» **Given information**:
########################################
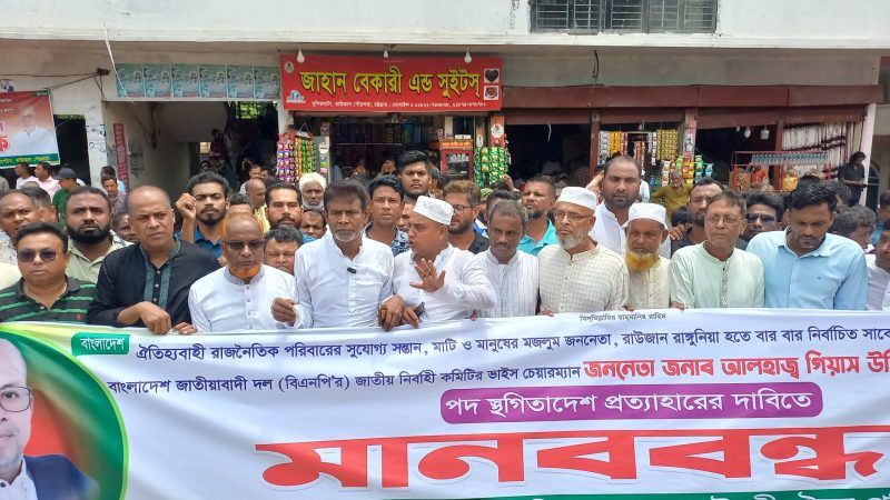 রাউজান উপজেলা বিএনপি, যুবদল, ছাত্রদল ও এর অঙ্গসংগঠনের ব্যানারে আয়োজিত এই মানববন্ধনে দলীয় নেতাকর্মীদের পাশাপাশি বিভিন্ন শ্রেণি-পেশার মানুষ এবং সাধারণ নারী-পুরুষকেও অংশ নিতে দেখা গেছে।
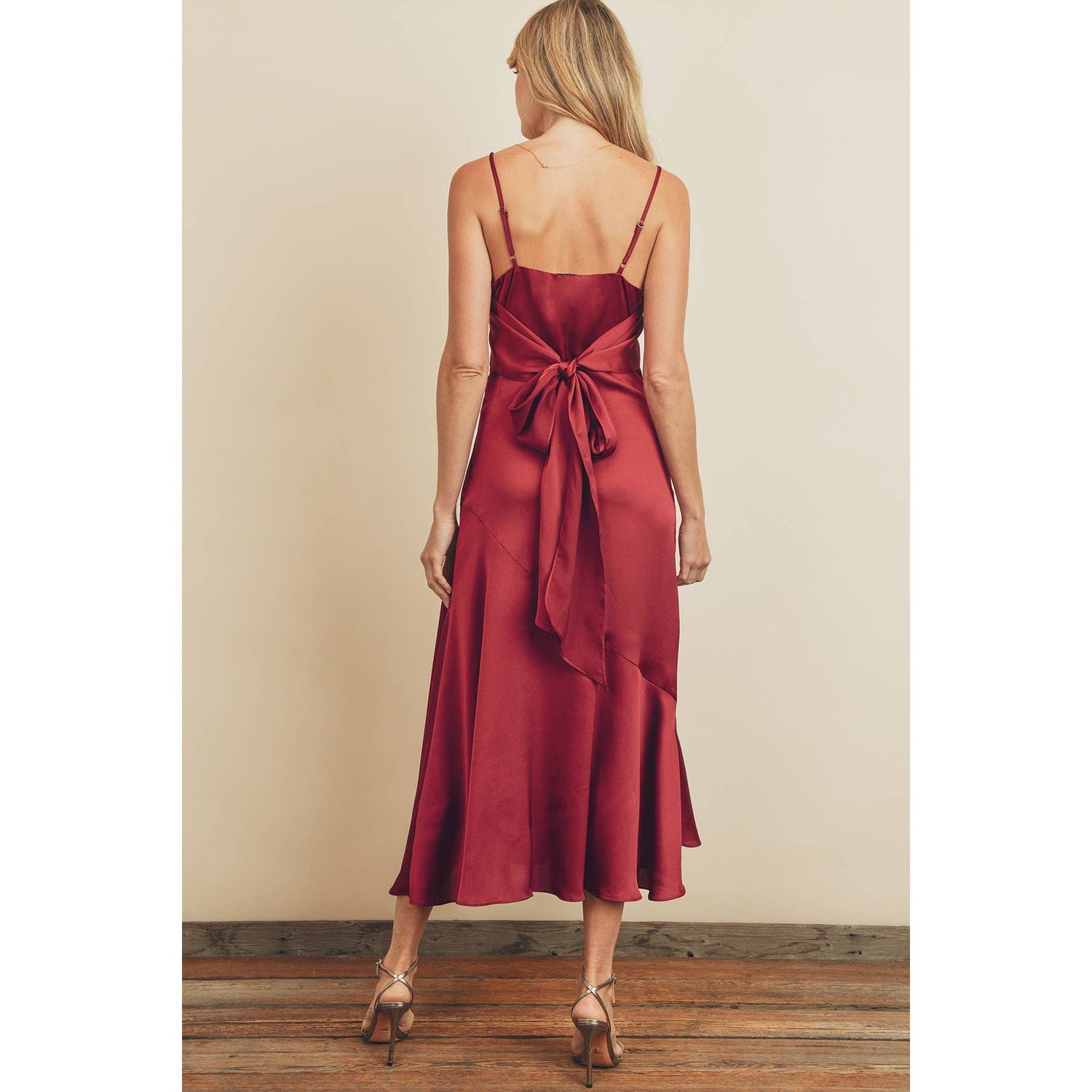 Satin Tie-Back Slit Midi Dress: SANGRIA / FD4571_1
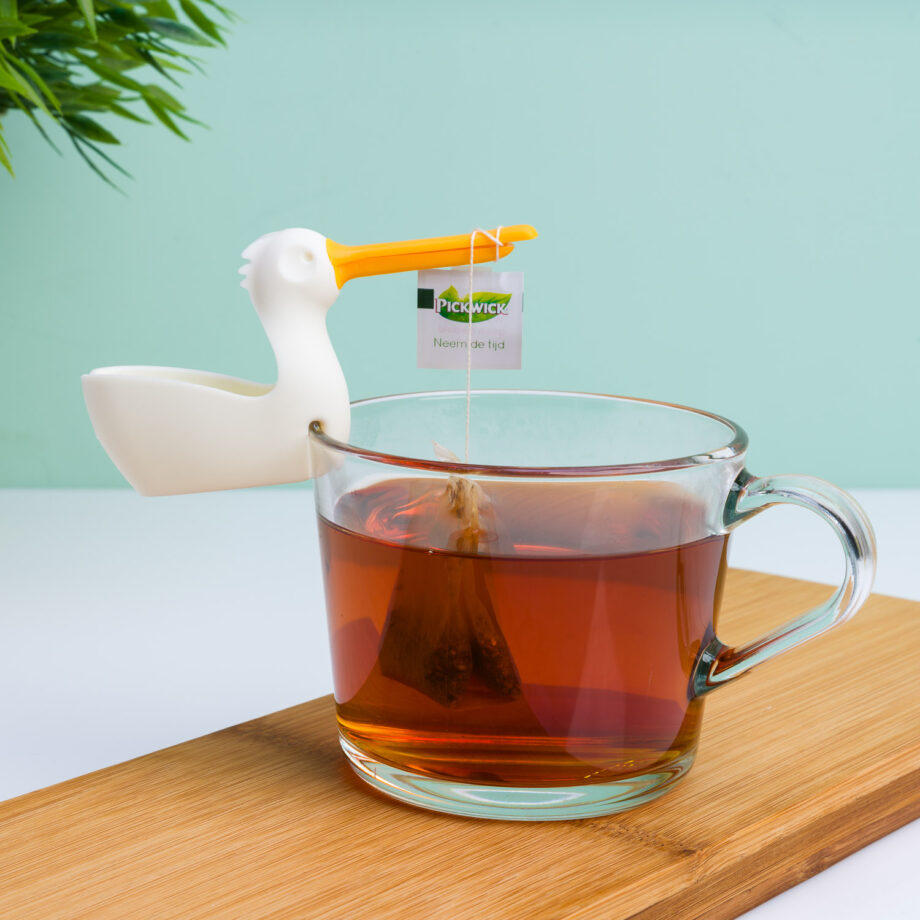 Ben je dol op lekker theedrinken met je vriendinnen? Verras hen de volgende keer met de grappige Pelicup theezakjeshouder van Peleg Design! Dit originele theeaccessoire is heel praktisch. Je kunt hem op verschillende manieren gebruiken: bijvoorbeeld als houder voor je natte theezakje. Daarnaast kun je het touwtje van het zakje om zijn snavel binden, als de thee nog moet trekken. En natuurlijk is het bakje op zijn rug ook heel geschikt voor koekjes!
########################################
» **Activity**: Please write out the lines above exactly, from the one that contains "Satin Tie-Back Slit" through the final line, and include none of the pictures.

» **Answer box**:
 Satin Tie-Back Slit Midi Dress: SANGRIA / FD4571_1
 Ben je dol op lekker theedrinken met je vriendinnen? Verras hen de volgende keer met de grappige Pelicup theezakjeshouder van Peleg Design! Dit originele theeaccessoire is heel praktisch. Je kunt hem op verschillende manieren gebruiken: bijvoorbeeld als houder voor je natte theezakje. Daarnaast kun je het touwtje van het zakje om zijn snavel binden, als de thee nog moet trekken. En natuurlijk is het bakje op zijn rug ook heel geschikt voor koekjes!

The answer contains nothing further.